Adams'ın sözlerinden, Kuzey İrlanda'nın normale dönmesi için zaman gerekeceği anlaşılıyor.

Barışa ‘‘evet’’ mesajı, İRA'nın temkini elden bırakacağı anlamına gelmiyor.

Bugünlerde en çok tartışılan konulardan biri de, Belfast Barış Anlaşması'nın öngördüğü siyasi af meselesi. Ülke dışına kaçan İRA militanlarının geri dönmeleri ihtimali, bu anlaşmayla iktidarlarını kaybetmekten ürken bazı Protestan çevreleri rahatsız ediyor.

Adams bu konuda şunları söylüyor: ‘‘Bu çok önemli bir mesele değil. Benim en büyük sorunum, buradaki İngiliz asker ve polisleri. Onlar hâlâ burada bulunuyorlar. Gelirken etraftaki askerleri gördünüz. Tepemizde uçan İngiliz helikopterinin sesini duyuyor musunuz? Şimdi benim en önemli sorunum, askerlerin geri çekilmeleri.’’
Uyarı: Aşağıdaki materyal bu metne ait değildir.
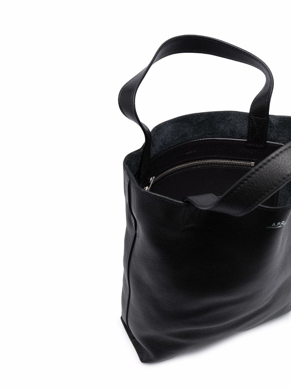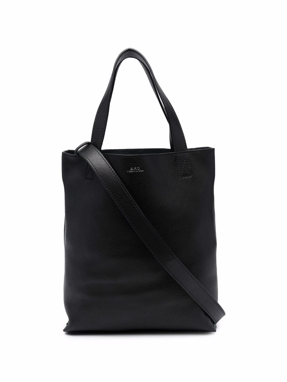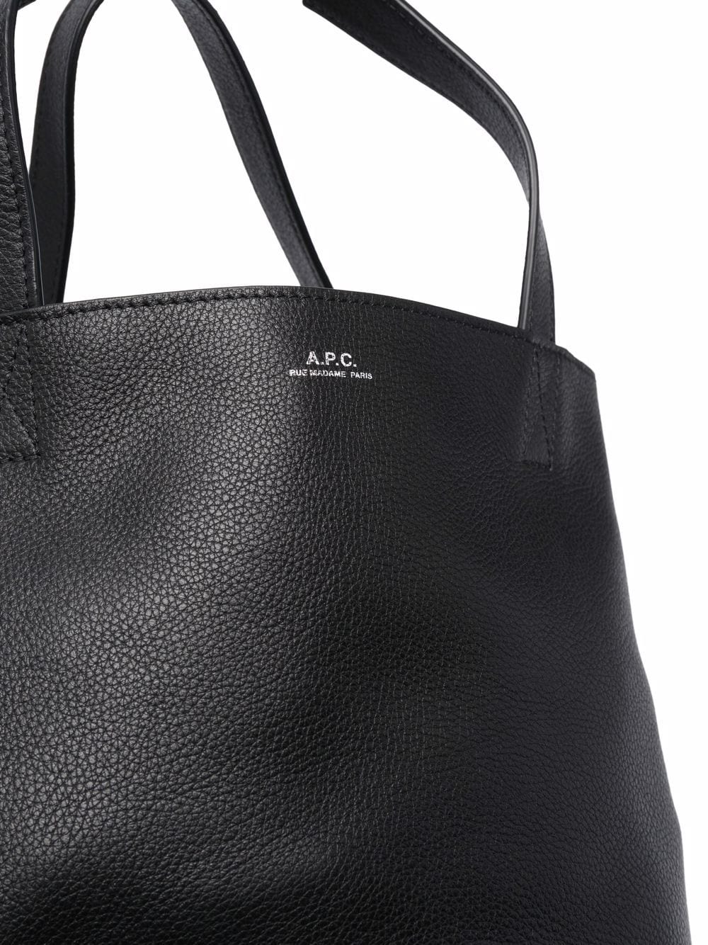 Calf leather Maiko leather tote bag from A.P.C. featuring grained texture, debossed logo, flat top handles, adjustable detachable shoulder strap, main compartment and internal zip-fastening pocket.
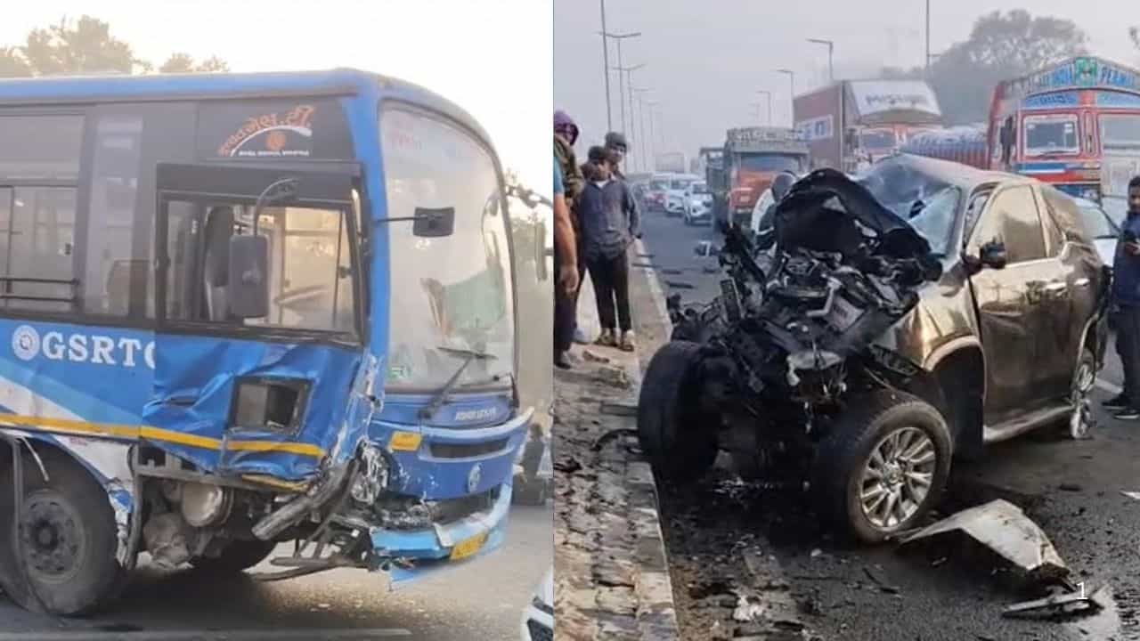 CCTV Breaking News : એસ જી હાઈવે વૈષ્ણોદેવી બ્રિજ ઉપર કાર એસટી વચ્ચે અકસ્માત, 1નુ મોત, યુવતી ગંભીર
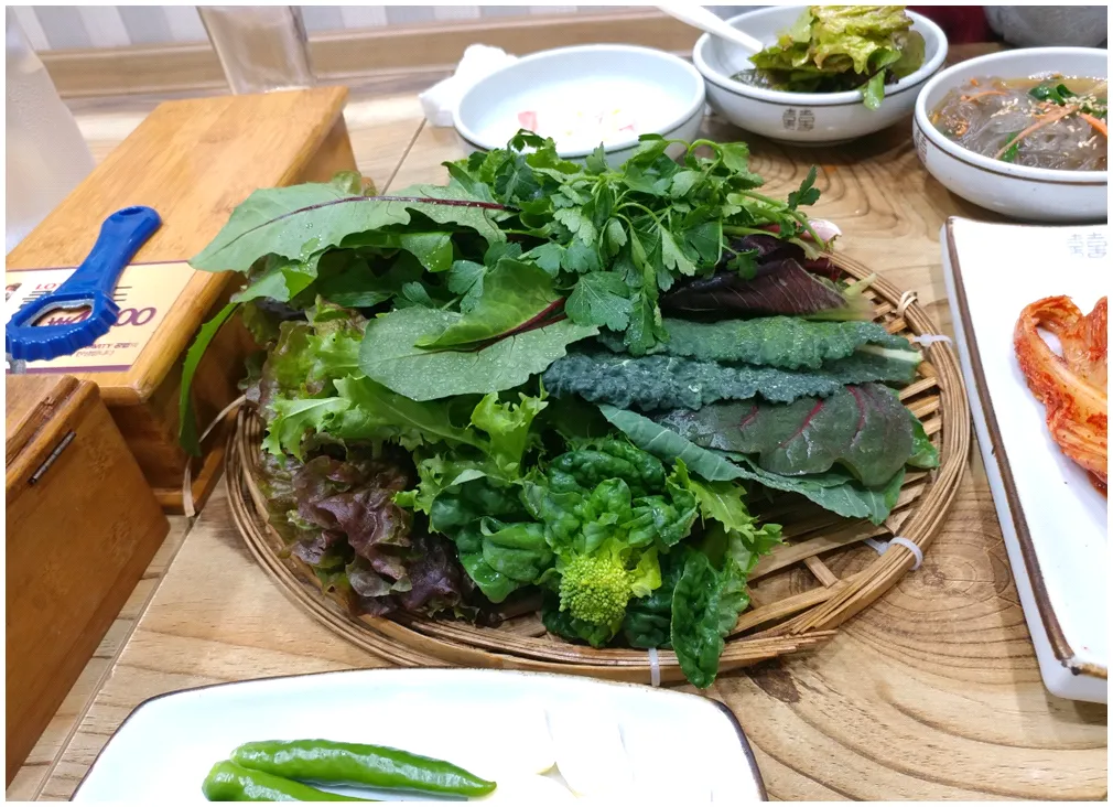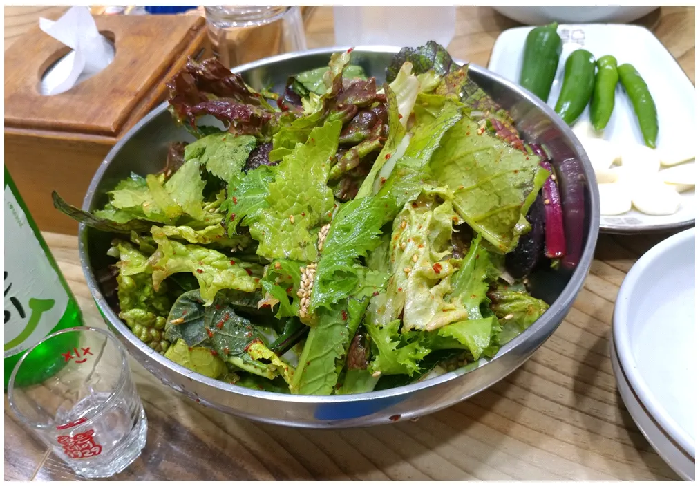 그리고 보기만 해도 건강이 넘쳐보이는 신선한 쌈야채들이 나오는데...
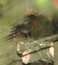 One regular visitor that is very wary is the local Robin. It often comes down under the Hawthorn, but rarely comes into the open. This image was grabbed as it perched on a new log pile behind the hawthorn, overhanging branches shielding it from the light of the flash. In this picture, the black and orange cables are two of the leads used to connect the house to the cctv cameras at the bottom of the garden.

1990 sonunda, İngiliz Hükümeti'yle başlayan ve Belfast Anlaşması'nı hazırlayan gizli görüşmeler sırasında İRA, muhatabının her yan çizişine İngiltere topraklarında bombalarla cevap veriyor. Gerry Adams'ın İngiliz ve Protestan kamuoyunun kendisinden beklediği ‘‘savaş sona erdi’’ açıklamasını yapmaması, bu taktiğin devam edebileceğini düşündürüyor.

Adams, ‘‘Uzun vadede barışa inanıyorum. Ama ona henüz sahip değiliz. Anlaşmanın hayata geçirilmesini tıkayacak her adım, bizi geri götürecek, geçmişe kilitleyecek’’ diyor.

* * *

Kuzey İrlanda'da günde ortalama 16 kişi intihara teşebbüs ediyor.

Hayatını kaybedenlerin çoğunu ise 25 yaşının altındaki gençler oluşturuyor.

İşsizliğin kol gezdiği Kuzey İrlanda'nın yoksul mahalleleri, İRA'nın ya da Protestan silahlı grupların denetiminde.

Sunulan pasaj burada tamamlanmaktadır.